Data shown:
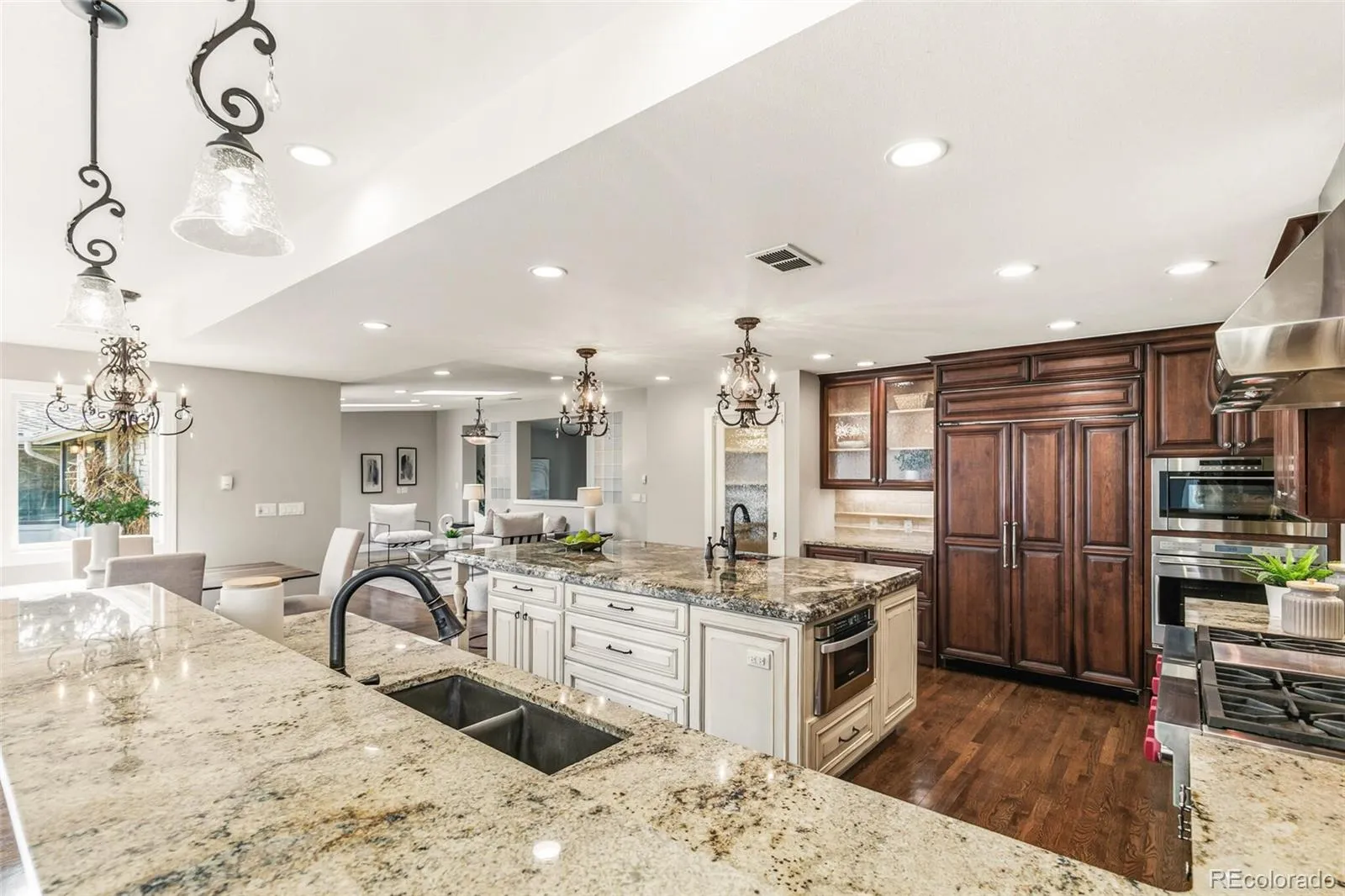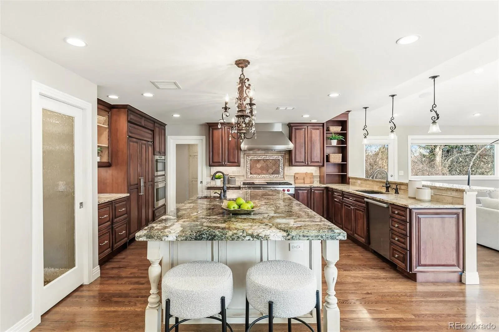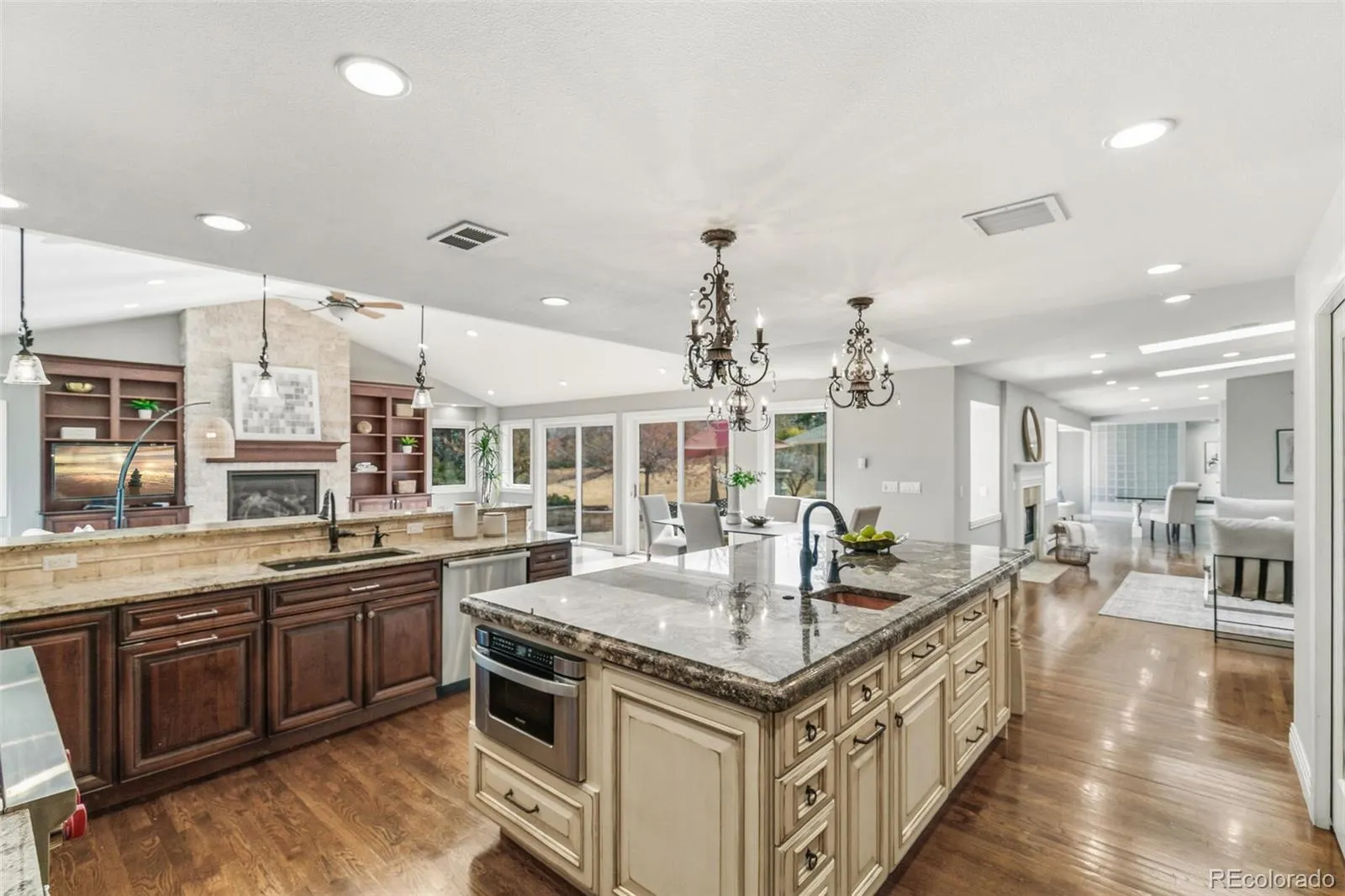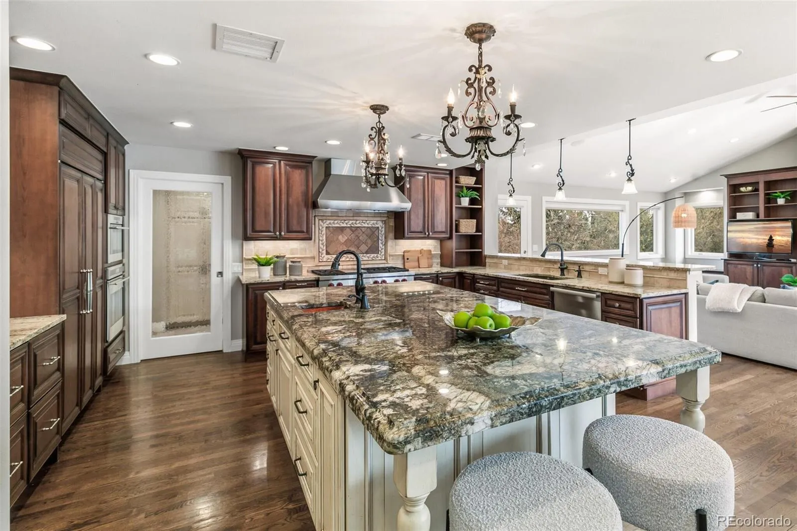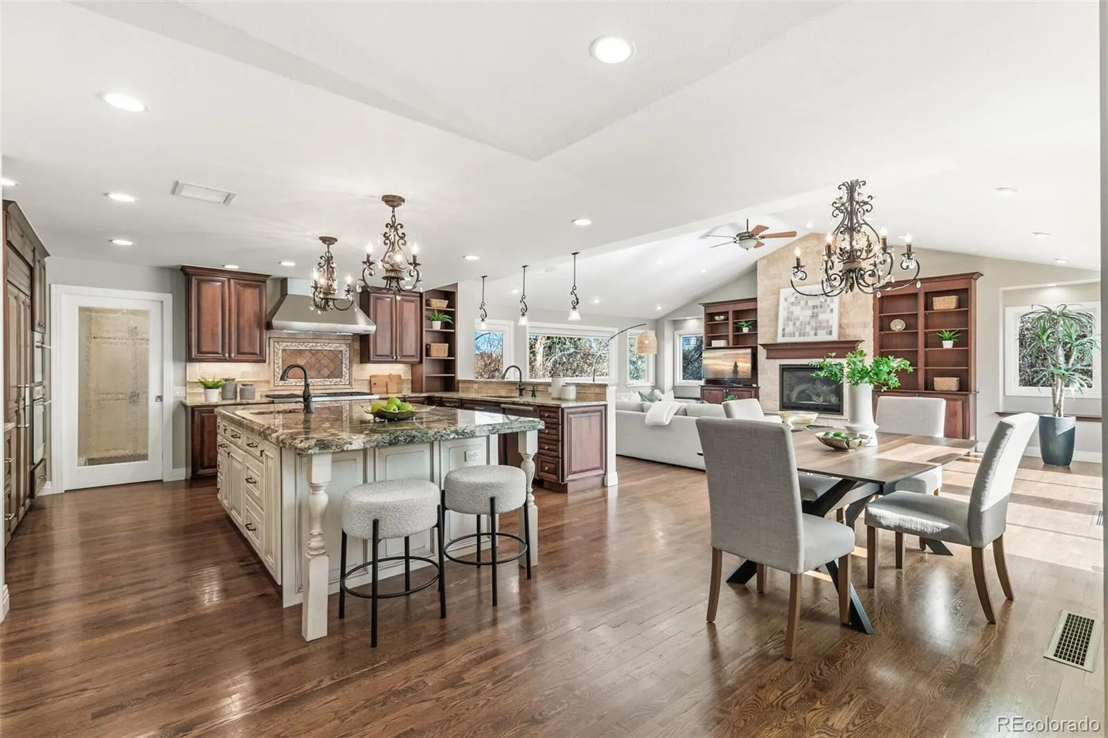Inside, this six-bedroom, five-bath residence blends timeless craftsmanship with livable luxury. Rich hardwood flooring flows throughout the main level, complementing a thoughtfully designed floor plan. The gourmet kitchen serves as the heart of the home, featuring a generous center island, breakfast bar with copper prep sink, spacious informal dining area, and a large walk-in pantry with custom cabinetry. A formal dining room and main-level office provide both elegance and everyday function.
---
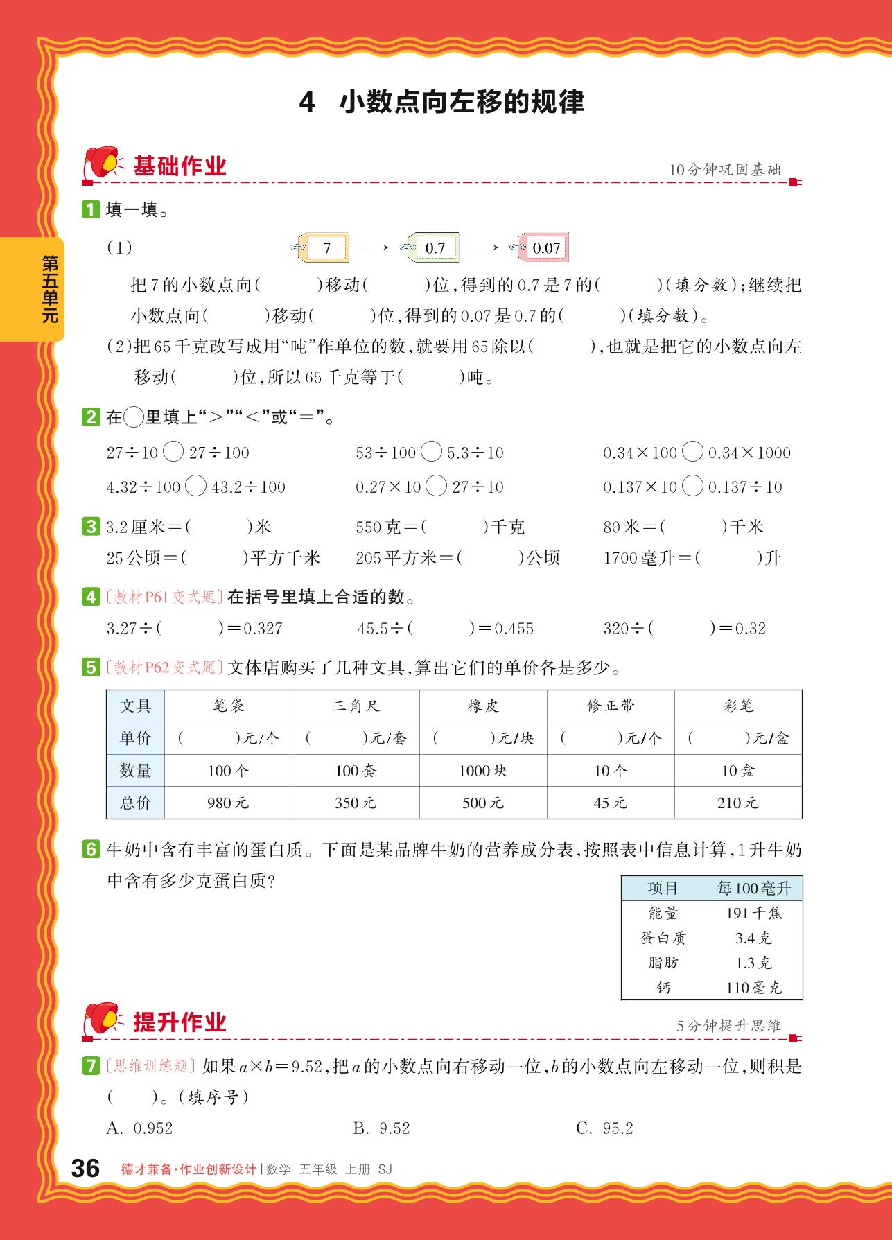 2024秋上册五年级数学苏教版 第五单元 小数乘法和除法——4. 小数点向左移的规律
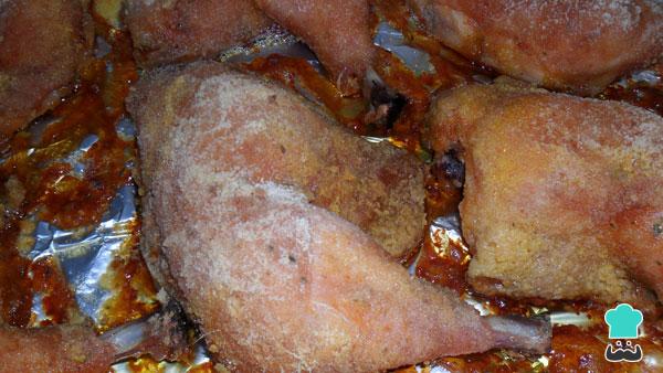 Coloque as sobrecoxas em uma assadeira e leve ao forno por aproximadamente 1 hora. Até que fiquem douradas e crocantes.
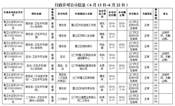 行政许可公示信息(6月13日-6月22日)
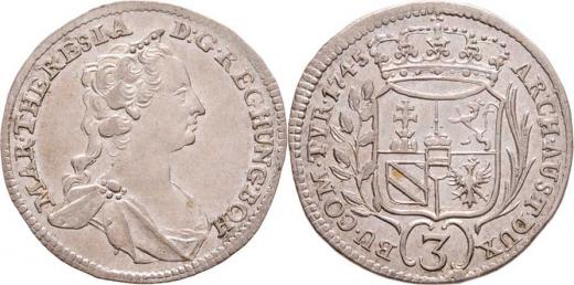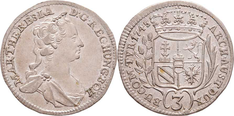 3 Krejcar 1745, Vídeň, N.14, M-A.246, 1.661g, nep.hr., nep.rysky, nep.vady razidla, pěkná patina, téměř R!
...
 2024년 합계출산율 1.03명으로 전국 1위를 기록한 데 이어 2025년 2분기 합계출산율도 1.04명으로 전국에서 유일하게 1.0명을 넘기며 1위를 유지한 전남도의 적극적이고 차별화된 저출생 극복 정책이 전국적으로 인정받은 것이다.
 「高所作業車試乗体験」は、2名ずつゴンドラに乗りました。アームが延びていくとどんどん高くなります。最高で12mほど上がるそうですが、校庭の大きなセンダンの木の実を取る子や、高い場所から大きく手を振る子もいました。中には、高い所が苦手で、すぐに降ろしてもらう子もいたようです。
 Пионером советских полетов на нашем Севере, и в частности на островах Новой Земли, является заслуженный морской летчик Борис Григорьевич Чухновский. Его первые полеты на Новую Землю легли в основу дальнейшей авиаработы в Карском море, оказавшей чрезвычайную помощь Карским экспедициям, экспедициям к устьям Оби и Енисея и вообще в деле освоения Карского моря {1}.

Exercise instructions: In the entries above, every line from the line with "行政许可公示信息(6月13日-6月22日)" to the line with "patina, téměř R!" is to be printed exactly, with both ends included and pictures excluded.

Exercise answer:
 行政许可公示信息(6月13日-6月22日)
 3 Krejcar 1745, Vídeň, N.14, M-A.246, 1.661g, nep.hr., nep.rysky, nep.vady razidla, pěkná patina, téměř R!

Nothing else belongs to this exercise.